P: Yeah, and when I saw the movies the roommates, I never lived with a roommate, I don’t know what it was like. I was asking my friend, “What was it like to have a roommate?” I never did it. And you saw in the high school shows here and we always thought that was kind of a fantasy. We’d say, “Oh that’s in the States we don’t do that. Oh wouldn’t that be nice…” We didn’t see it as reality. We just thought that it was a movie. And then I moved here and it was like, “Oh that’s what really happens.” People leave home at 18. My goodness! You do get a car at 16? Ouch!

I: [Laughing]

P: That’s awesome, you know, kind of thing. One of my friends got a car at 15. You guys celebrate the 16 we celebrate the 15. And so she got the car, the one in the whole group of friends, but she wasn’t allowed to drive it. So she got the car but she had to go driving with her brother, or the dad. So the dad would know exactly. She wasn’t allowed to drive it to school.

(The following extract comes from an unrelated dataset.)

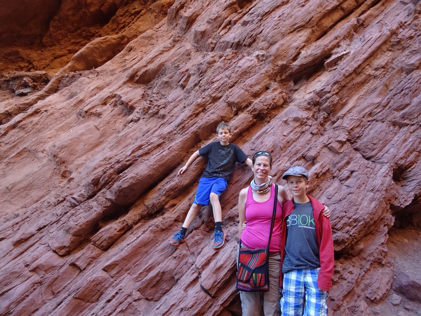 Well its been a busy week or so, mostly without internet access.  We have been around the Salta region checking out the less travelled tourist path – mostly which turned out really nice.  We stayed for a couple of days in Cafayate in a very small Hostal that Cindy found.  Basically I think we were staying in the back of these peoples house.  We always evaluate a place by the bathroom, this one combined the shower with toilet and sink – so I guess you could take a shower, bush your teeth and goto the can all at the same time.  Add little to no warm/hot water to the mix and you get the picture.  But for $50/night for all four of us it was a deal.  Cafayate is a very small place, kids playing soccer in the street, people riding bikes and horses into town.  It’s also the start of Argentine wineries so there were lots of bodega’s along the road and various wine shops available.  They even had wine flavored ice creams.

I: [Laughing] That’s pretty funny.

P: You see what I mean? It is! The parents needed to know exactly where she was going, when she was coming back, every detail, and somebody from the family needed to be involved. So here is your car, but not really. You are not fully independent.

I: That actually reminds me of my family.

P: That’s good. I like that.

P: Okay, well thank you so much for your time.

I: Thank you.

P: That was a great interview so thank you, thank you.